Author: valentinewallace

04-onion-routing.md

@@ -214,6 +214,9 @@ This is formatted according to the Type-Length-Value format defined in [BOLT #1]
     1. type: 18 (`total_amount_msat`)
     2. data:
         * [`tu64`:`total_msat`]
+    1. type: 5482373484 (`sender_provided_payment_preimage`)
+    2. data:
+        * [`32*byte`:`payment_preimage`]
 
 `short_channel_id` is the ID of the outgoing channel used to route the
 message; the receiving peer should operate the other end of this channel.
@@ -240,6 +243,9 @@ The requirements ensure consistency in responding to an unexpected
 `outgoing_cltv_value`, whether it is the final node or not, to avoid
 leaking its position in the route.
 
+`sender_provided_payment_preimage` is set in the case that the recipient is 
+often-offline and another node provided a static BOLT 12 invoice on their behalf.
+
 ### Requirements
 
 The creator of `encrypted_recipient_data` (usually, the recipient of payment):
@@ -273,6 +279,12 @@ The writer of the TLV `payload`:
         - MUST use the current block height as a baseline value. 
         - if a [random offset](07-routing-gossip.md#recommendations-for-routing) was added to improve privacy:
           - SHOULD add the offset to the baseline value.
+      - if paying to a static BOLT 12 invoice:
+        - MUST set `sender_provided_payment_preimage` to randomly generated unique bytes.
+        - MUST set `update_add_htlc.payment_hash` to match the SHA256 hash of
+          `sender_provided_payment_preimage`.
+      - otherwise:
+        - MUST NOT set `sender_provided_payment_preimage`.
     - MUST NOT include any other tlv field.
   - For every node outside of a blinded route:
     - MUST include `amt_to_forward` and `outgoing_cltv_value`.
@@ -324,6 +336,7 @@ The reader:
       - MUST return an error if `amt_to_forward` is below what it expects for the payment.
       - MUST return an error if incoming `cltv_expiry` < `outgoing_cltv_value`.
       - MUST return an error if incoming `cltv_expiry` < `current_block_height` + `min_final_cltv_expiry_delta`.
+      - MUST use `sender_provided_payment_preimage` when claiming the HTLC, if present
   - Otherwise (it is not part of a blinded route):
     - MUST return an error if `path_key` is set in the incoming `update_add_htlc` or `current_path_key` is present.
     - MUST return an error if `amt_to_forward` or `outgoing_cltv_value` are not present.
@@ -1519,6 +1532,9 @@ even, of course!).
     1. type: 68 (`invoice_error`)
     2. data:
         * [`tlv_invoice_error`:`inverr`]
+    1. type: 70 (`static_invoice`)
+    2. data:
+    * [`tlv_static_invoice`:`static_inv`]
 
 #### Requirements
 

12-offer-encoding.md

@@ -42,7 +42,7 @@ Here we use "user" as shorthand for the individual user's lightning
 node and "merchant" as the shorthand for the node of someone who is
 selling or has sold something.
 
-There are two basic payment flows supported by BOLT 12:
+There are three basic payment flows supported by BOLT 12:
 
 The general user-pays-merchant flow is:
 1. A merchant publishes an *offer*, such as on a web page or a QR code.
@@ -58,6 +58,18 @@ The merchant-pays-user flow (e.g.

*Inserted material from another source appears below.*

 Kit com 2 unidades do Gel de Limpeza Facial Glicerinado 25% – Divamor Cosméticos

ATM or refund):
 3. The merchant confirms the *invoice_node_id* to ensure it's about to pay the correct
    person, and makes a payment to the invoice.
 
+The pay-mobile-user flow (e.g. paying a friend back to their mobile node):
+1. The mobile user supplies some always-online node with a static (i.e. 

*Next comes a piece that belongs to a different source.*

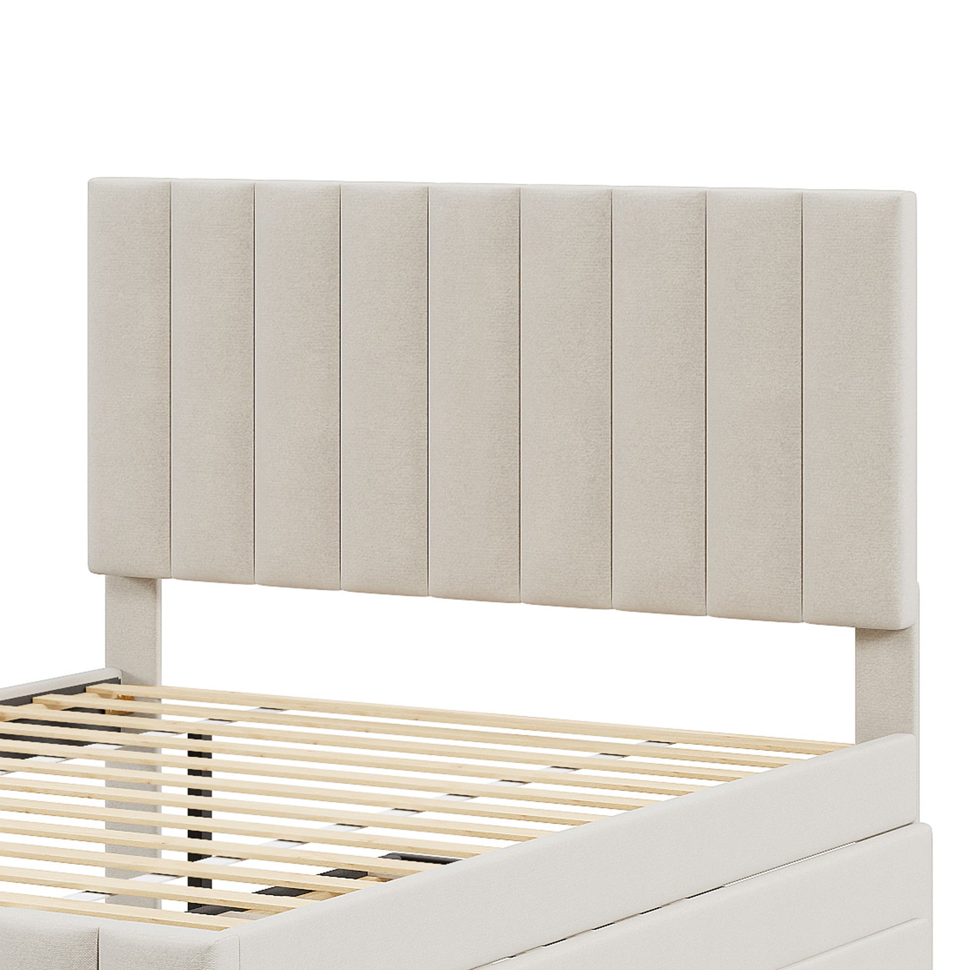 Full Size Upholstered Platform Bed With Twin Size Trundle And 3 Drawers - Beige

+   `payment_hash`-less) invoice to return on its behalf. This always-online node may 
+   be the mobile user's channel counterparty, wallet vendor, or another node on the 
+   network that it has an out-of-band relationship with.

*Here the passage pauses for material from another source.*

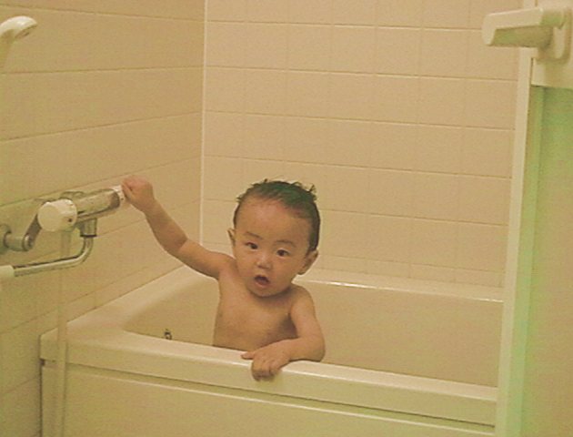 | ゆうたを風呂に入れる場合、寒い時期はハダカで風邪など引かせぬようにと気を使うが、夏の盛りはハダカで放っておいても心配ないので楽だ。 シャワーだけで済ませてしまう時などは、空の浴槽にゆうたと洗面器を入れておく。ゆうたは洗面器と排水溝のキャップだけで10分は遊んでいられるので、私はその間に急いで自分の用を済ませ、それからゆうたの「洗浄」に取りかかっていたのだが、ここ数日でシャワーとツマミの関係を理解したらしく、私がシャワーを浴びているとツマミを捻って止めたり、カランに切り替えたりするようになった。 まあ、このくらいなら可愛いもので「上手にできるね。さ、パパにシャーってしとくれ」と大人の対応が出来るのだが、問題は右のツマミ(選択切換)でなく左のツマミ(温度調節)に手が伸びた場合である。 もとより目の前で父親の浴びている水の温度の変化との関係など知る由も無いため、ツマミの回し方には容赦が無い。 まして屈んで頭を洗っている時など完全に無防備である。 「☆*〒煤♂!」 声にならない叫びをあげ、ひっくり返る音を聞きいたちゅまは、私が誤ってゆうたを落としたとでも思ったらしい。 違う。私が虐待を受けたのだ。 |

+2. The mobile user publishes an offer that contains blinded paths that terminate
+   at the always-online node.
+3. The payer sends an `invoice_request` to the always-online node, who replies with the static
+   invoice previously provided by the mobile user and forwards the `invoice_request` to the mobile
+   user in case they happen to be online.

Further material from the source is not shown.